Hervé Sénamaud relève que « le constat demeure inchangé depuis plusieurs mois : des urgences de Creil surchargées et au bord de l’implosion, des patients horrifiés par leur passage dans le service et qui feraient tout pour ne pas avoir à y retourner ».
« La récente période de canicule n’a fait qu’aggraver la prise en charge des patients », ajoute-t-il.
Séverine Saget, porte-parole du collectif des infirmiers libéraux de Senlis, déclare ainsi : « J’ai été appelée durant la semaine passée pour un patient âgé qui avait chuté dans la rue et avait passé du temps assis sous un arrêt de bus surchauffé. Il avait 40,8°C de fièvre ».
« Je suis allée prendre des nouvelles le soir [aux urgences de Creil] et, comme j’ai dit au médecin que je voyais ce patient trois fois par jour, il m’a dit qu’il pouvait rentrer chez lui. Mais le lendemain, il avait toujours 40°C de fièvre. Le monsieur âgé m’a supplié de ne pas appeler les pompiers pour ne pas aller de nouveau à Creil, mais je n’avais pas le choix. Je plains le personnel des urgences, il y a des patients partout qui attendent sur des brancards », poursuit la soignante.

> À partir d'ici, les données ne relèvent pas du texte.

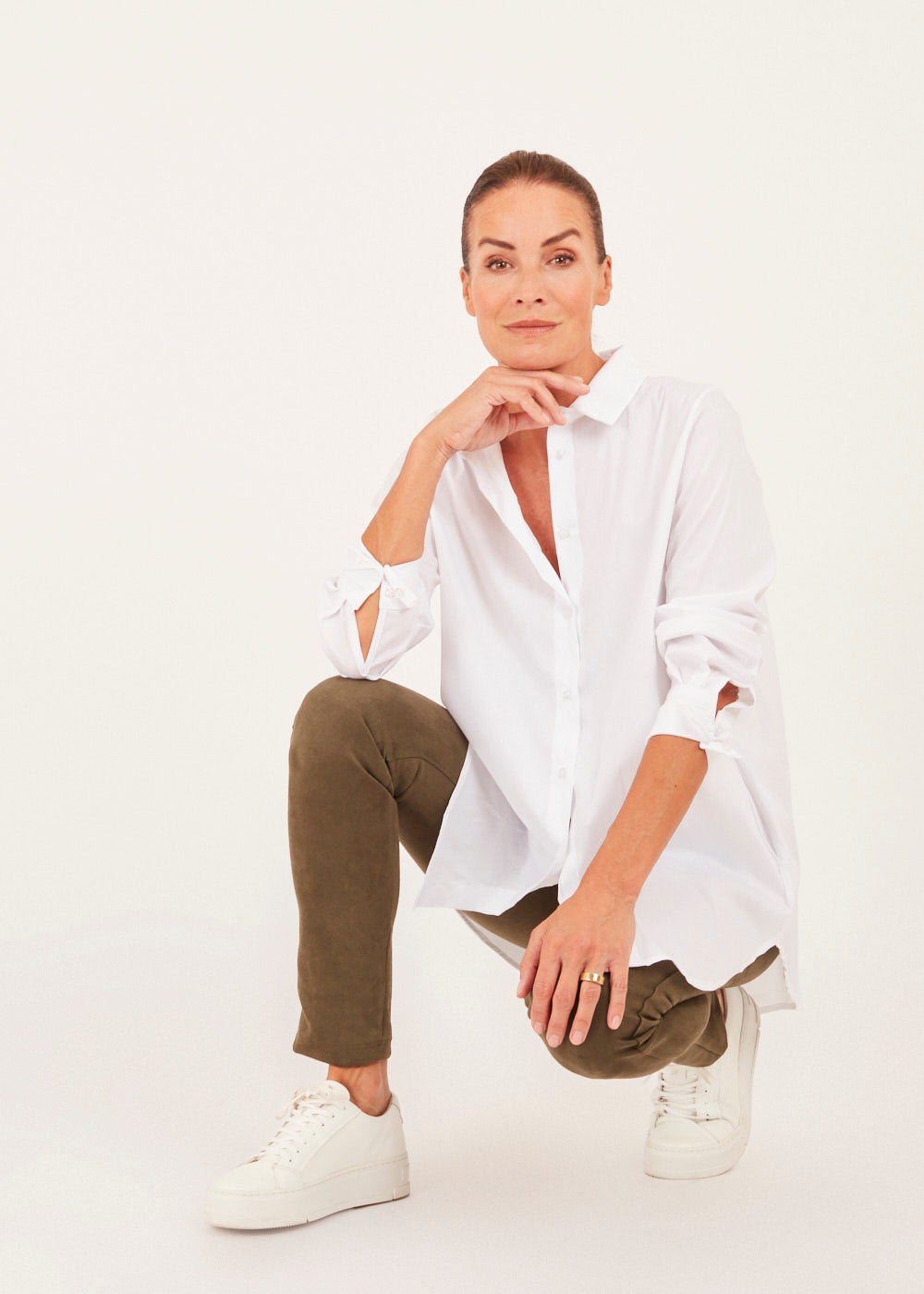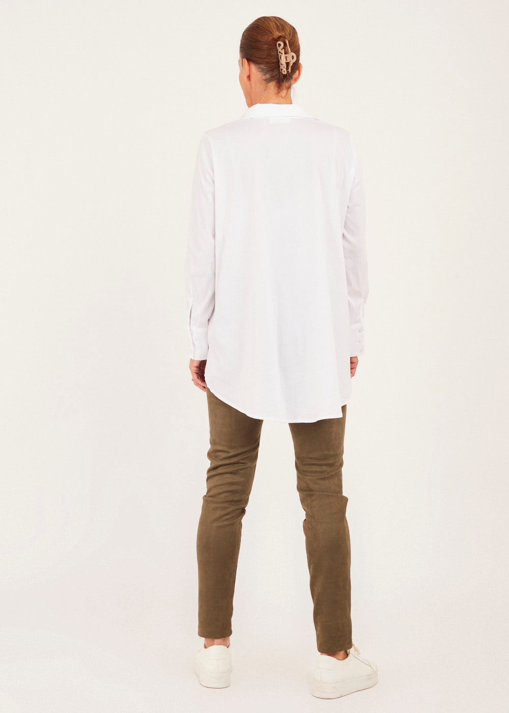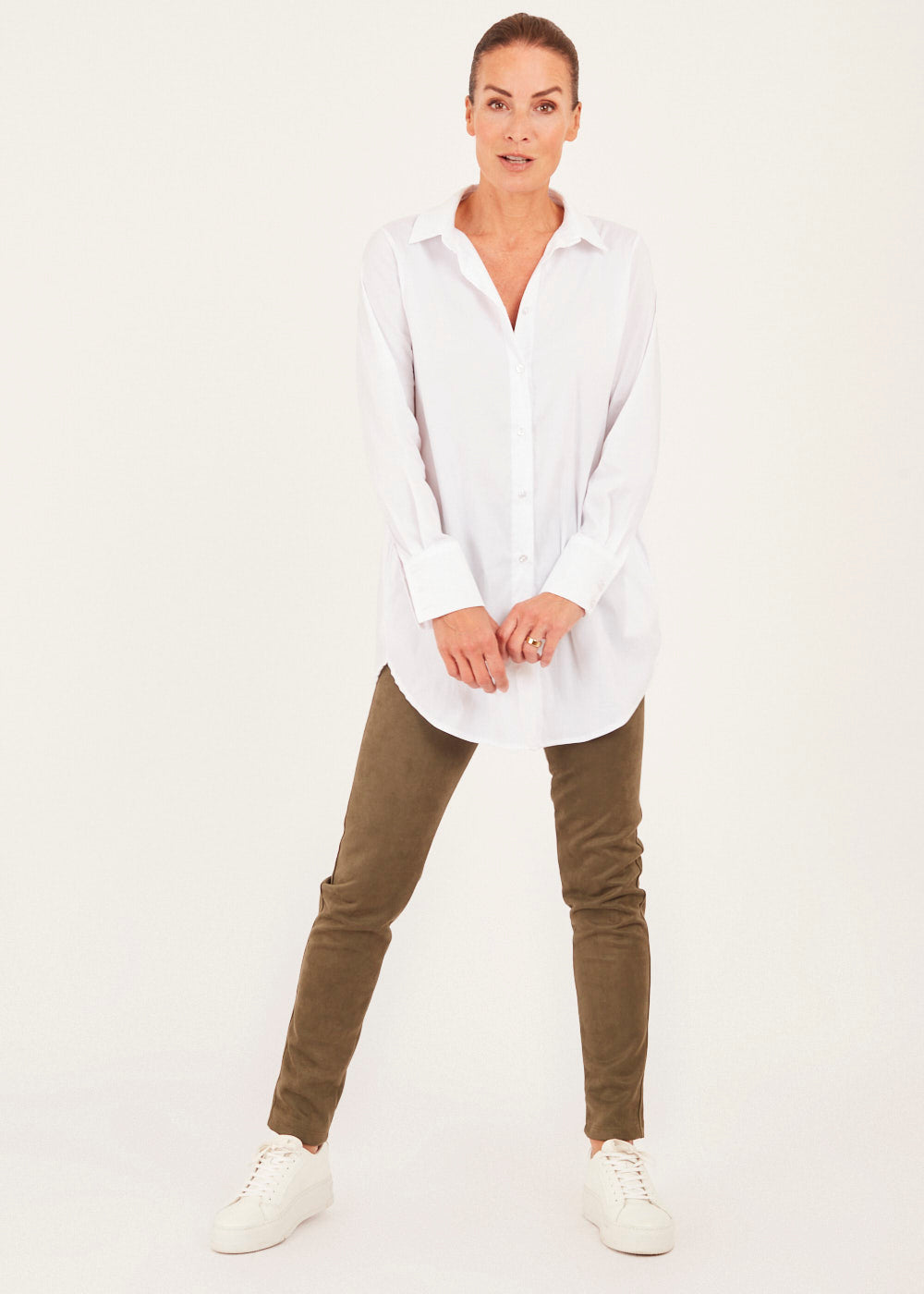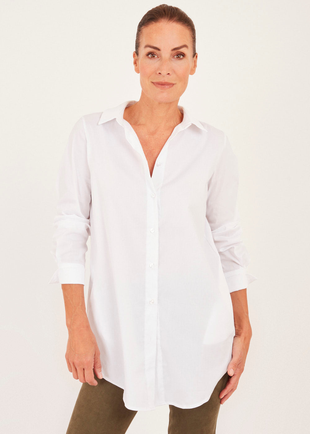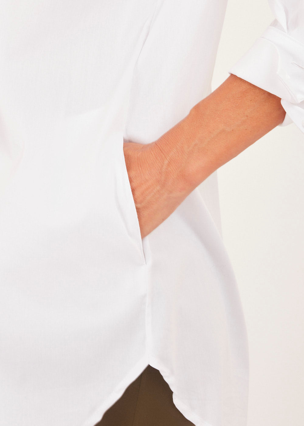 Lässiggeschnittene Bluse mit seitlichen Eingriffstaschen. Hemdbluse aus Baumwolle. Modell mit Kragen, Knopfleiste, überschnittenen Schultern und langen Ärmeln mit geknöpften Manschetten.

Hervé Sénamaud note que « comme à peu près tous les 6 mois, une possible date de réouverture des urgences de Senlis a été évoquée pour septembre prochain, mais rares sont ceux qui y croient encore ».
Séverine Saget souligne : « Ce qui bloque, c’est le recrutement du personnel mais cette fois, comme les précédentes, cela ne fonctionnera pas pour deux raisons. D’abord, ils veulent mettre en place un accueil réduit de 8 heures à 20 heures. On sait très bien que l’urgence ne s’arrêtera pas à 20 heures pile et qu’une infirmière pourrait rester 2 ou 3 heures de plus, avant de reprendre son service le lendemain à 8 heures. Ensuite, parce qu’ils veulent recruter des personnes qui seraient susceptibles de travailler à Creil ou à Senlis, selon les besoins. C’est trop difficile de travailler dans ces conditions ».

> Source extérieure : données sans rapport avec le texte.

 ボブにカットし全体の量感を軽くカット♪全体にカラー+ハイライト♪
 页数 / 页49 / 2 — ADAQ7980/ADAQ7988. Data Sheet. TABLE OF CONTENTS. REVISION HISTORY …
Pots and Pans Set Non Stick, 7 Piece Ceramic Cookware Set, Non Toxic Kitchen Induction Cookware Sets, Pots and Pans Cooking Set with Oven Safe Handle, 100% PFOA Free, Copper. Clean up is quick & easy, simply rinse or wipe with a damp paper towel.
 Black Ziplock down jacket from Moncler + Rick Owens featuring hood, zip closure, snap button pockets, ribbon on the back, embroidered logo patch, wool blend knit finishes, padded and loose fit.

Hervé Sénamaud indique que « les infirmiers suggèrent qu’il est peut-être temps de changer de manière de procéder pour obtenir des résultats et surtout rouvrir les urgences senlisiennes ».
Ils écrivent que « l’absence de recrutement n’est pas une fatalité. C’est le signe qu’une stratégie ne produit pas les résultats attendus et qu’elle doit être réévaluée. À l’approche de septembre, nous craignons qu’un nouveau report de la réouverture des urgences soit annoncé pour les mêmes raisons que les années précédentes ».